Judge throws out factory worker’s claim of hearing loss after finding it was ‘fundamentally dishonest’ in a move that could pave the way for a fight back from insurance firms
- Factory worker said bosses at his firm were responsible for his hearing loss because he claimed they did not give him adequate protection
- Now will be fined for bringing a ‘fundamentally dishonest’ claim to court
- If he had been successful he would have been awarded around £10,000
- Industrial deafness claims in UK increased by 200% from 2011 to 2014
The growing market for hearing loss compensation has been dealt a blow after a judge said a factory worker’s claim was ‘fundamentally dishonest’ and threw out the case in a landmark ruling.
Judge Gregory also ordered the man, who was employed by Coventry-based Diamanttek Limited as a diamond driller and a plant operator between 2003 and 2013, to pay costs following the ruling.
Jonathon James, who is in his mid-fifties, had claimed that Diamanttek Limited was responsible for his noise-induced hearing loss.
Judge Gregory also ordered the man, who was employed by Coventry-based Diamanttek Limited (pictured) as a diamond driller and a plant operator between 2003 and 2013, to pay costs following the ruling
But the court heard while Diamanttek Limited did not deny that the claimant worked in a noisy environment, they disputed the issue of hearing protection provision and enforcement.
James had claimed the use of Personal Protective Equipment (PPE) was not enforced prior to 2013 and that until then he had not been given any training on the correct use of hearing protection.
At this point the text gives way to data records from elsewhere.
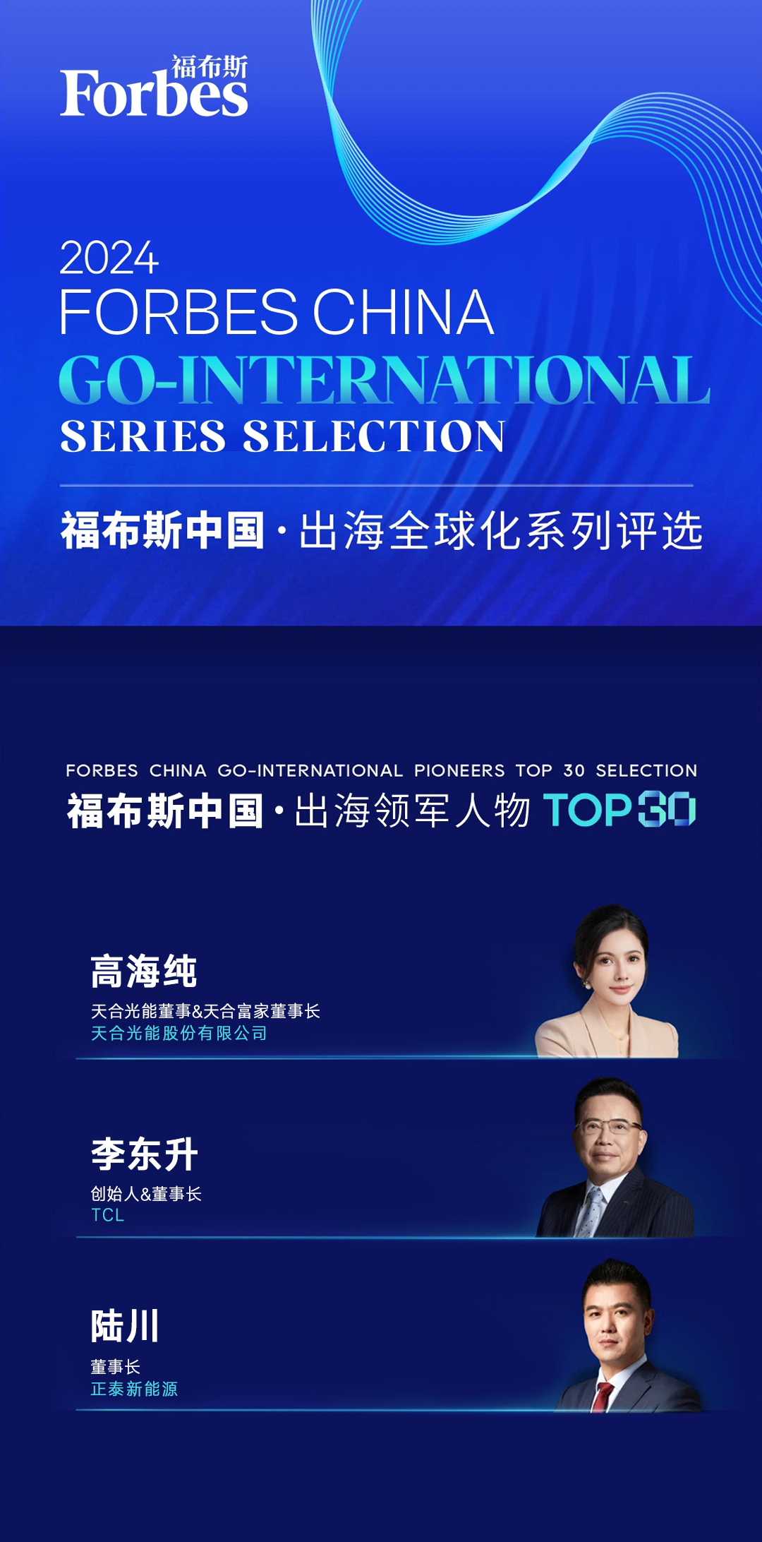 11月21日,2024福布斯中国·出海全球化系列评选颁奖典礼在厦门盛大举行。天合光能董事、天合富家董事长高海纯荣登“出海全球化领军人物TOP 30”榜单,表彰其在推动天合光能全球化进程中发挥的关键作用,同时也是对天合光能全球化战略和国际影响力的高度认可。
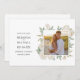 Elegant botanical wedding photo save the date with your best photo framed by bouquet of pristine white and ivory roses and gentle leaves over classic white background and
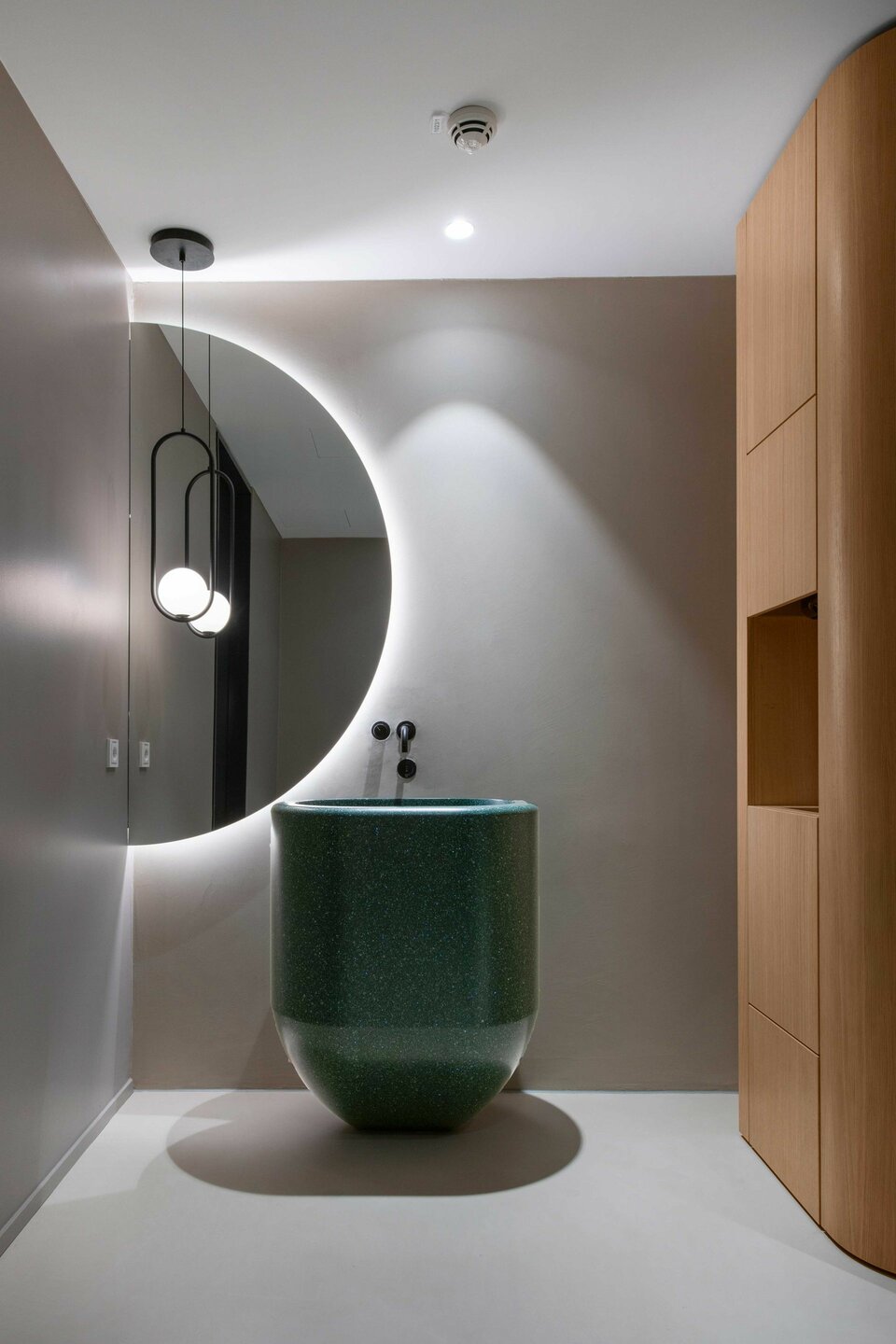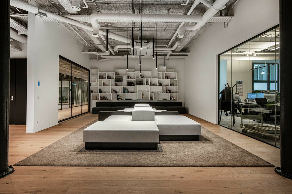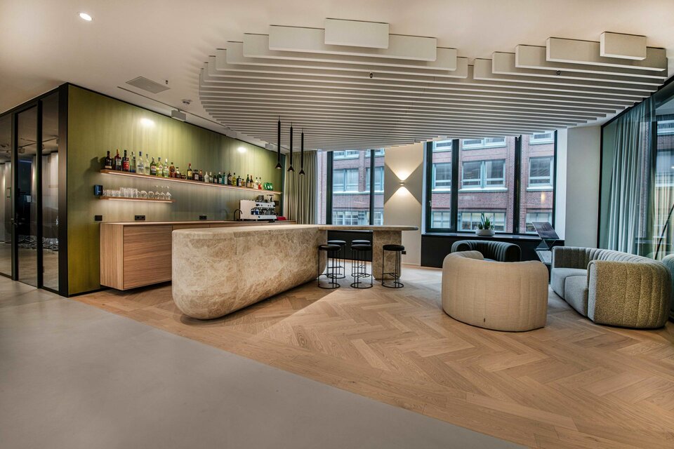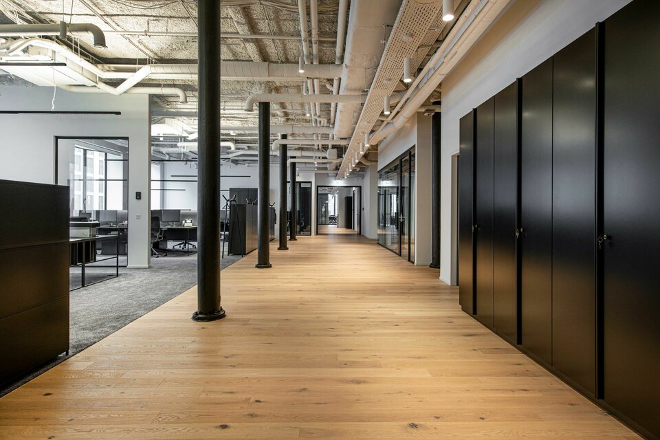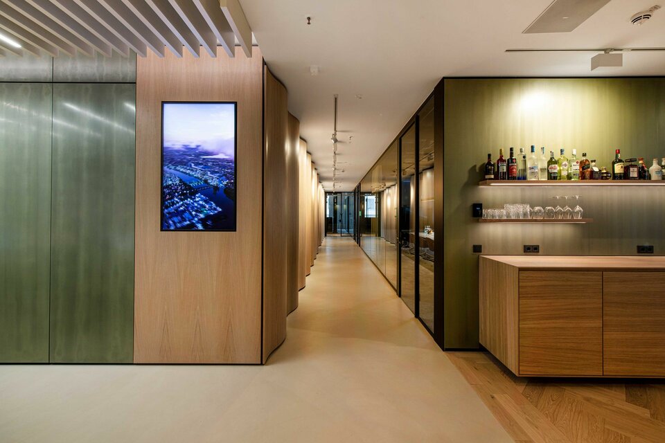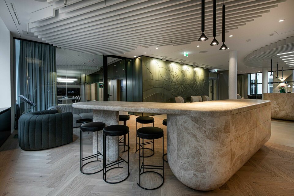 Anfang 2022 wurde die Lindner SE gemeinsam mit Pinck TGA-Planung und Kamleitner-Canales Entwurfs-Planung mit einer umfassenden Neugestaltung von ca. 1.800 m² im ersten OG beauftragt. Neben sehr hohen ästhetischen Ansprüchen lag der Fokus auf einem zukunftsorientierten, nachhaltigen Gesamtkonzept für die neuen Büroflächen. Dies zeigt sich sowohl in der technischen Ausstattung als auch in der Wahl der Materialien, wie z. B. Echtholzparkett und Wandbekleidungen aus Eiche oder der speziellen Metalllackierung an Trennwänden, Tresen mit Natursteinverkleidung sowie der aufwendigen Spachteltechnik für Wände und Böden.
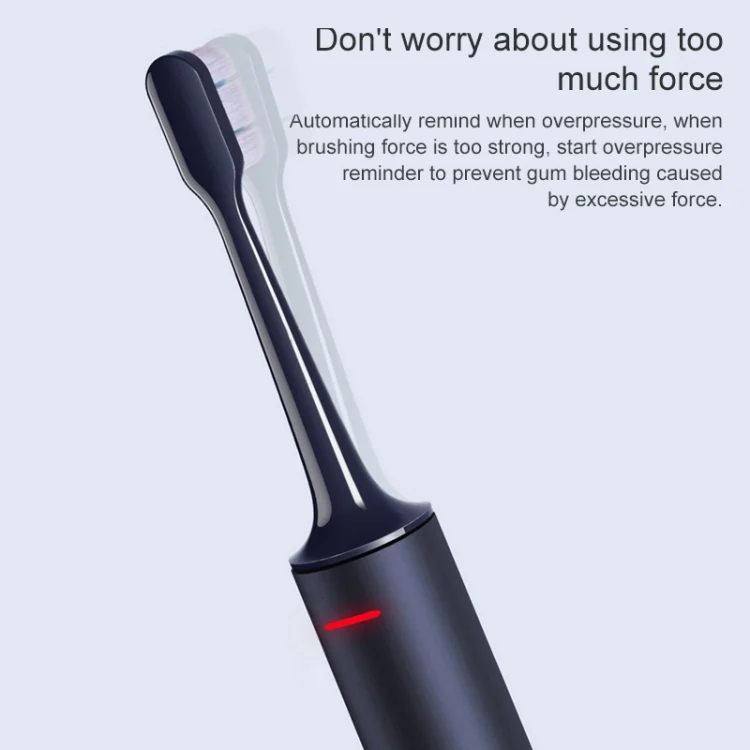 12. When the brushing force is too strong, the overpressure reminder is activated to prevent the bleeding of the gums caused by excessive force.

He also said that bosses did not give him any warnings about the dangers of noise exposure.
But Diamanttek Limited’s insurers, Allianz, were able to prove that James was supplied with PPE throughout the entire period of his employment and in court denied the company’s liability.
LITTLE KNOWN LAW COULD SEE HUGE CHANGES IN COMPENSATION
New rules introduced by the Criminal Justice & Courts Act published in April 2015 are finally coming into affect.
Under section 44.16 CPR, the court is permitted to set aside QOCS (Qualified One Way Costs Shifting) protection in cases that are found to be fundamentally dishonest – like the one involving Diamanttek and James.
Under CPR 44.16: ‘Orders for costs made against the claimant may be enforced to the full extent of such orders with the permission of the court where the claim is found on the balance of probabilities to be fundamentally dishonest.’
‘Fundamental dishonesty’ is not a usual legal term – but it is clearly termed in this way in order to fight fraudulent claims.
Insurers hope the ruling will put an end to spurious hearing loss claims and said they hope it will serve as a warning that fraudulent claims can ‘cost dear’.
The Times reports the ruling is the first time, under a new regime brought in by ministers last year, that courts have penalised individuals whose claims are found to be dishonest by ordering them to pay costs.
The newspaper reports that industrial deafness claims have increased by nearly 200 per cent from 2011 to 2014 and they are now rivalling whiplash claims.
If James’ claim had been successful he would have been awarded around £10,000 in compensation.
Sarah Mallaby, head of technical claims at Allianz, said her company deals with around 5,200 noise related claims every year, and called the ruling ‘great news’.
She said: ‘We are delighted that as a result of Allianz’s appeal the first fundamental dishonesty ruling has been made against a noise induced hearing loss claim.
‘The outcome of this case is great news for the insurance industry. It underpins the principles of the law reforms which came into force in 2013 and we believe that this should now set a precedent for future disease claims.’
Rob Cummings, of the Association of British Insurers, told The Times: ‘Insurers have seen a spike in opportunistic claims for noise-induced hearing loss, fuelled by greedy claimant lawyers and claims management companies.’